Supply-chain issues have hampered auto production the past few years, so there are fewer cars available to meet the demand, says Scot Hall, executive vice president of operations for Swapalease, an automotive lease marketplace. As a result, car manufacturers have had few reasons to offer incentives to lease, like cash toward a down payment.

The net effect is that drivers have leased less: In 2019, nearly 1 in 3 new gas, hybrid or electric vehicles was leased. By mid-2022, that number dropped to less than 1 in 5.

The EV landscape has changed, too

Shopping for an EV is different now than it was in 2020. “The offerings by manufacturers have improved dramatically even over the last several years,” Hall says.

Quality and range have improved, and more models are available. By the end of 2023, the number of EV models available in the U.S. could quadruple compared with 2020, according to Kelley Blue Book, an automotive pricing guide. Once the realm of small cars, EVs have expanded to include large SUVs and pickup trucks.

Of course, pricing is a factor, too. In February 2023, the average new EV sold for $58,385, according to data company Cox Automotive. That’s well above the $44,697 paid for new non-luxury vehicles in the same month, as reported by Cox. Just because the average EV is more expensive, though, doesn’t mean you can’t find a few EVs for under $40,000, and you can expect even more options in the months ahead.

EV tech is still evolving

In 2015, Car and Driver magazine’s top entry-level EV was the Chevrolet Spark, which had a range of 82 miles and cost $25,995. Today, eight years later, for nearly the same price, you can buy a Chevrolet Bolt with a range of 259 miles.

That level of progress can woo new buyers.
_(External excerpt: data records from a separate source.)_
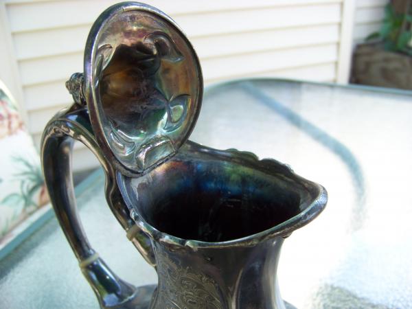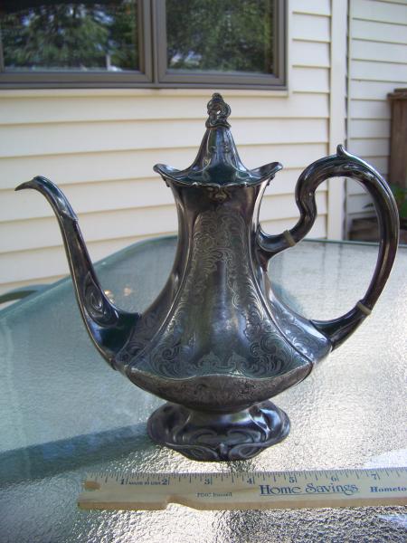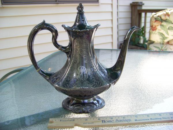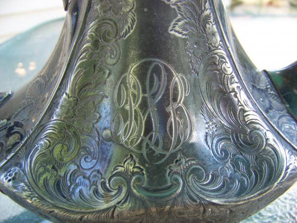 This Teapot is engraved with a floral and leaf design. It has a hinged lid. It also has a monogram of BLR. I'm having a hard time with that last letter. It does have a couple of dings in it. It needs a good polishing. The bottom read: M.F.D. & Plated By Reed & Barton 116 Patent Applied For.
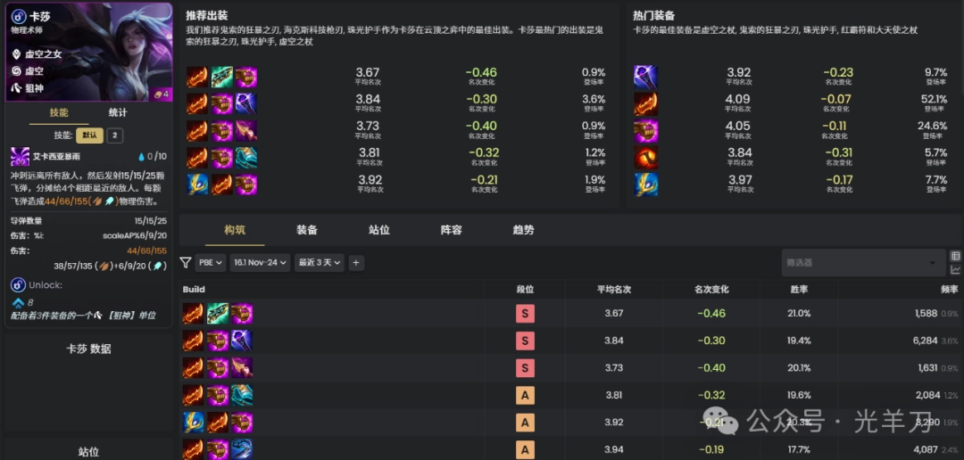在当前版本中,鬼索的狂暴之刃、海克斯科技枪刃以及珠光护手是卡莎最为理想的核心三件套。卡莎最热门、强度最高的出装组合,通常围绕鬼索的狂暴之刃、珠光护手和虚空之杖来构建。
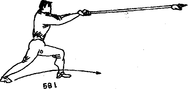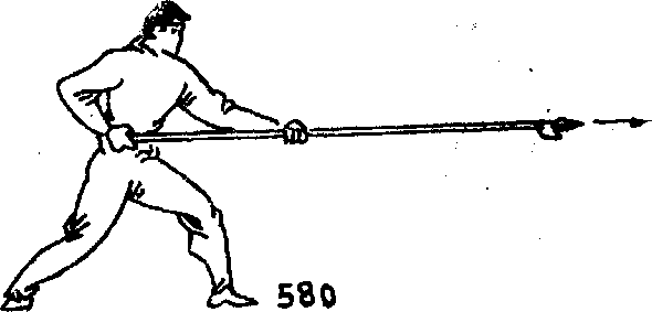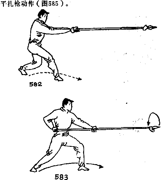 左脚向左前方上步成半马步。同时右手握枪把翻腕下压至腰右恻?左臂内旋左手翻腕里合使枪尖向上向前弧行绕行拿枪目视枪尖(图580)。右腿蹬直,身体左转成左弓步,、同时向前做中平扎枪动作。目视枪尖(图581)。

But it can also give others pause: If that progress was made in the past few years, what advances could you miss out on if you lock in today’s cutting-edge tech by buying an electric vehicle? In fact, more than 1 in 3 Americans reported waiting until ranges of 500 miles are common before they consider buying an EV, according to a March 2023 poll conducted by Reuters/Ipsos.

So, should you lease or buy an electric car?

Sandy Munro, CEO of automotive consulting firm Munro & Associates and host of the popular YouTube EV channel Munro Live, says the decision to buy or lease depends largely on the car you’re interested in.

For example, he says Teslas, with their established track record and proven longevity, are a good candidate for buying. Leasing is the better option for other, less proven vehicles or those with documented issues. If the vehicle proves to be unreliable or if future models receive major tech upgrades that make your leased version less valuable than you expected, you won’t face the issue of selling it or trading it in at the end of your lease.

Munro says another reason leasing might make sense right now is that battery innovations now under development are about three years away from being available — which happens to be the length of a standard lease. “The next generation of batteries are going to be sensational,” he says. “Will they be able to compete against a Tesla? Sure. Yeah, they will. Then I'm going to probably recommend a lot more people buying.”